— WHAT TO PRODUCE —
Leave out the pictures and copy each record below exactly.

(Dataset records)
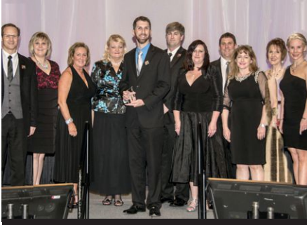
Mohawk Industries, Inc., takes the stage at No. 5.
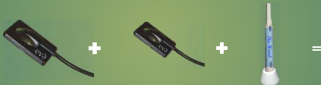
EVA #2 SENSOR
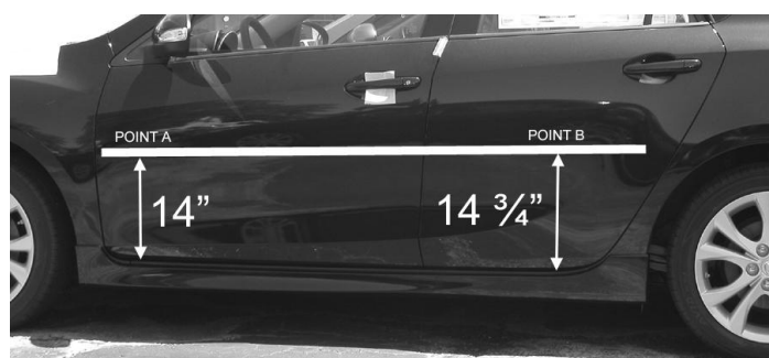
2010 & Up Mazda 3 • 5 Door
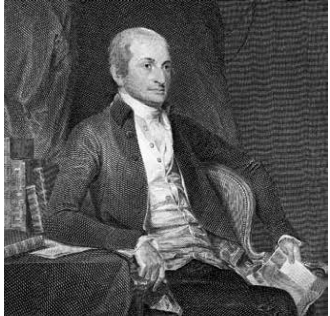
| John Jay, Negotiator with the British

Problem with Britain. During his second term, Washington had to deal with the increasing problems with Great Britain. England still kept possession of several western forts in U.S. territory. It continued to support the Indians there, hoping to use them as a buffer between the U.S. and Canada. As the war progressed with France, Britain began seizing U.S. ships and
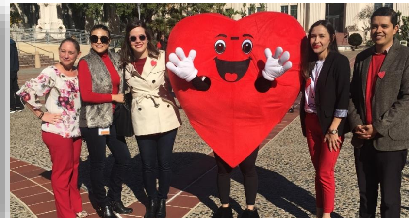
Love Your Heart / Ama Tu Corazón
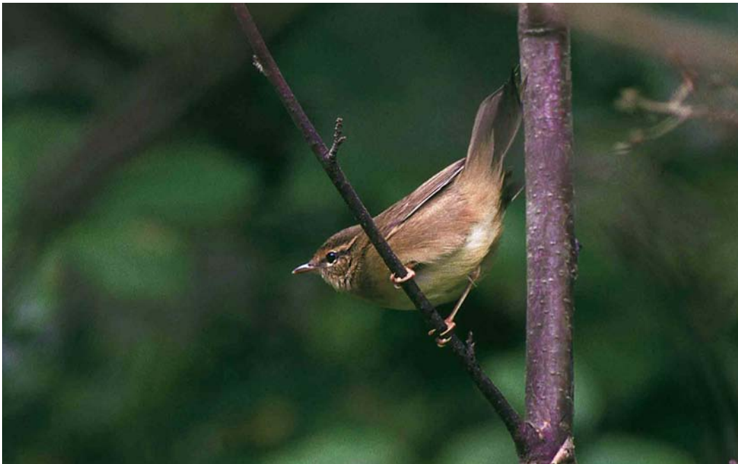
343 Radde's Warbler / Raddes Boszanger Phylloscopus schwarzi , Bomenland, Vlieland, Friesland, 11 October 1998
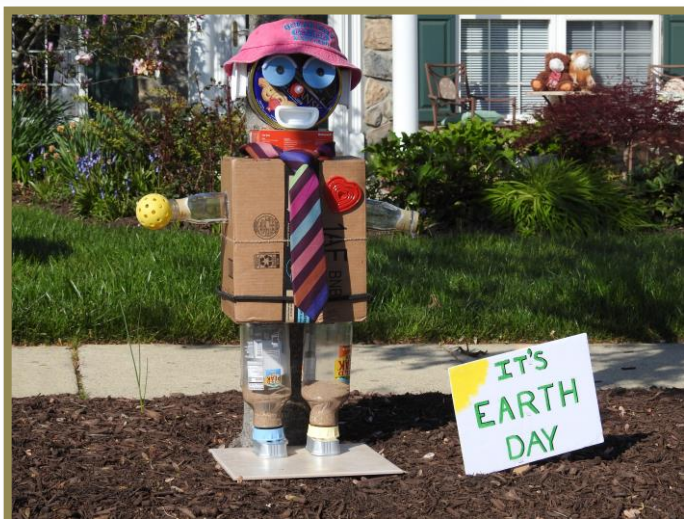
Earth Day Photo Submitted by George Drake
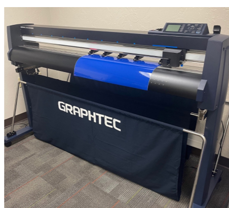
The Graphtec cutter works with adhesive backed vinyl and electrocut film, as well as engineering grade and diamond grade reflective vinyl.

Pelco's new capabilities of sign making allow us to manufacture various signs meeting Federal MUTCD specifications. Now with in-house printing, cutting, and laminating, we can reduce cost, reduce lead time, and provide a superior extended-life product.
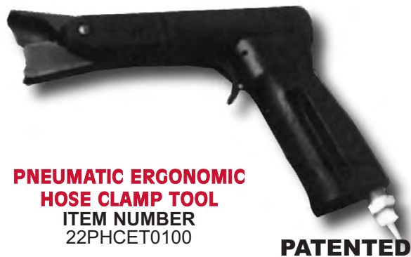
PNEUMATIC ERGONOMIC HOSE CLAMP TOOL ITEM NUMBER 22PHCET0100

NOT AVAILABLE FOR HOSE CLAMP SIZES LARGER THAN .953
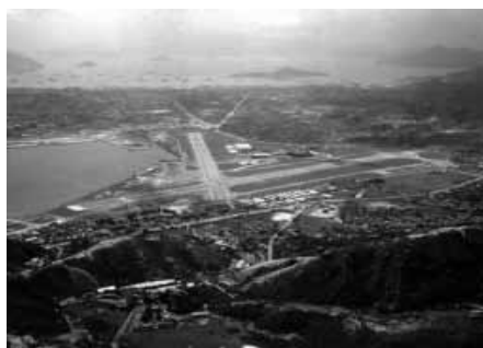
AERIAL VIEW OF KAI TAK AIRPORT

Please find enclosed the pictures taken at RAF Station Kai Tak circa 1957, as promised several months ago. As you can see on the group photograph we were a pretty immature lot, in fact us six LAC's were on our first posting, straight out of training school, Sutton-on-Hull, so it was a good job that we were only back-up for the Kai Tak airport's fire section, who were Chinese firemen with European Officers.
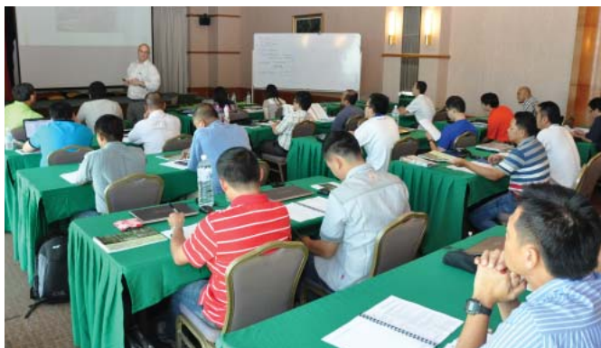
Photo: Briefing in progress

With the amendments made to Section 54B of the Forests Ordinance, the Sarawak State Government will phase in trained workforce for the entire forest industry soon. As part of this drive towards a properly trained workforce for better management of our forests, it is recommended that each logging contractor have "Sustainable Forestry Personnel" to oversee all forest operations in accordance with the laws and guidelines set for sustainable forest management.
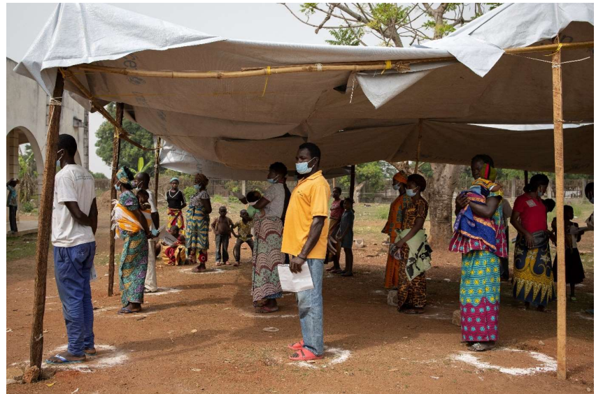
Newly arrived Central African refugees queue at a UNHCR distribution of core relief items in Yakoma, Democratic Republic of the Congo. Measures have been put in place during distributions to prevent the spread of COVID-19.

2.7 million people reached through COVID-19 risk communication
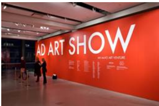
AD ART SHOW Red Carpet Wall
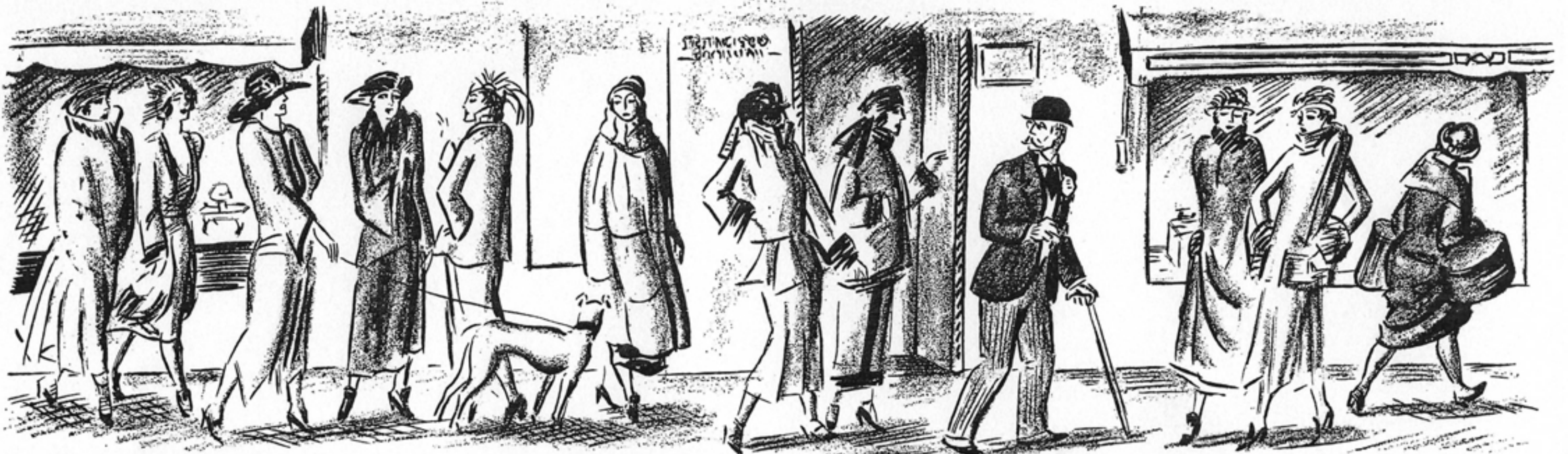
FIFTH AVENUE AT FORTY-EIGHTH STREET, WHICH IS THE HAUNT OF THE MILLINERS AND MIDINETTES
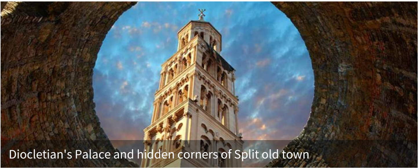
Diocletian's Palace and hidden corners of Split old town

— COMPLETED EXERCISE —
Mohawk Industries, Inc., takes the stage at No. 5.
EVA #2 SENSOR
2010 & Up Mazda 3 • 5 Door
| John Jay, Negotiator with the British

Problem with Britain. During his second term, Washington had to deal with the increasing problems with Great Britain. England still kept possession of several western forts in U.S. territory. It continued to support the Indians there, hoping to use them as a buffer between the U.S. and Canada. As the war progressed with France, Britain began seizing U.S. ships and
Love Your Heart / Ama Tu Corazón
343 Radde's Warbler / Raddes Boszanger Phylloscopus schwarzi , Bomenland, Vlieland, Friesland, 11 October 1998
Earth Day Photo Submitted by George Drake
The Graphtec cutter works with adhesive backed vinyl and electrocut film, as well as engineering grade and diamond grade reflective vinyl.

Pelco's new capabilities of sign making allow us to manufacture various signs meeting Federal MUTCD specifications. Now with in-house printing, cutting, and laminating, we can reduce cost, reduce lead time, and provide a superior extended-life product.
PNEUMATIC ERGONOMIC HOSE CLAMP TOOL ITEM NUMBER 22PHCET0100

NOT AVAILABLE FOR HOSE CLAMP SIZES LARGER THAN .953
AERIAL VIEW OF KAI TAK AIRPORT

Please find enclosed the pictures taken at RAF Station Kai Tak circa 1957, as promised several months ago. As you can see on the group photograph we were a pretty immature lot, in fact us six LAC's were on our first posting, straight out of training school, Sutton-on-Hull, so it was a good job that we were only back-up for the Kai Tak airport's fire section, who were Chinese firemen with European Officers.
Photo: Briefing in progress

With the amendments made to Section 54B of the Forests Ordinance, the Sarawak State Government will phase in trained workforce for the entire forest industry soon. As part of this drive towards a properly trained workforce for better management of our forests, it is recommended that each logging contractor have "Sustainable Forestry Personnel" to oversee all forest operations in accordance with the laws and guidelines set for sustainable forest management.
Newly arrived Central African refugees queue at a UNHCR distribution of core relief items in Yakoma, Democratic Republic of the Congo. Measures have been put in place during distributions to prevent the spread of COVID-19.

2.7 million people reached through COVID-19 risk communication
AD ART SHOW Red Carpet Wall
FIFTH AVENUE AT FORTY-EIGHTH STREET, WHICH IS THE HAUNT OF THE MILLINERS AND MIDINETTES
Diocletian's Palace and hidden corners of Split old town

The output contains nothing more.